## Data for processing

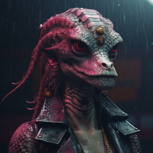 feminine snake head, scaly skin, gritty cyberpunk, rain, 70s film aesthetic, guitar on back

...

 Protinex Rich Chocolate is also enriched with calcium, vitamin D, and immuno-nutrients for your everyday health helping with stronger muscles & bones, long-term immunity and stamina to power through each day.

* * *

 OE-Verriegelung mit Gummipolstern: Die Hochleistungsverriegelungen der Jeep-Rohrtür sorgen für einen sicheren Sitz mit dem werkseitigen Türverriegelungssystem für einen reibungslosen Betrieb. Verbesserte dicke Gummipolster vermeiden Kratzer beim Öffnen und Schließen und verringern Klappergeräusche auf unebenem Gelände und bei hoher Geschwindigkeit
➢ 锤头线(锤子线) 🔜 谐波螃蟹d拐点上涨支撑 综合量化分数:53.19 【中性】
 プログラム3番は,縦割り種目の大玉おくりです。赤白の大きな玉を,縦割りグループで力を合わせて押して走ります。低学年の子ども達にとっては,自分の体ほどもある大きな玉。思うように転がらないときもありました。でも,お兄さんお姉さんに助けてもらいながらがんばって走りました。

## Exercise description
Everything above from the line containing "谐波螃蟹d拐点上涨支撑 综合量化分数:53.19 【中性】" down to the line containing "プログラム3番は,縦割り種目" should be copied exactly, both end lines included, and nothing else.

## Response to the exercise
➢ 锤头线(锤子线) 🔜 谐波螃蟹d拐点上涨支撑 综合量化分数:53.19 【中性】
 プログラム3番は,縦割り種目の大玉おくりです。赤白の大きな玉を,縦割りグループで力を合わせて押して走ります。低学年の子ども達にとっては,自分の体ほどもある大きな玉。思うように転がらないときもありました。でも,お兄さんお姉さんに助けてもらいながらがんばって走りました。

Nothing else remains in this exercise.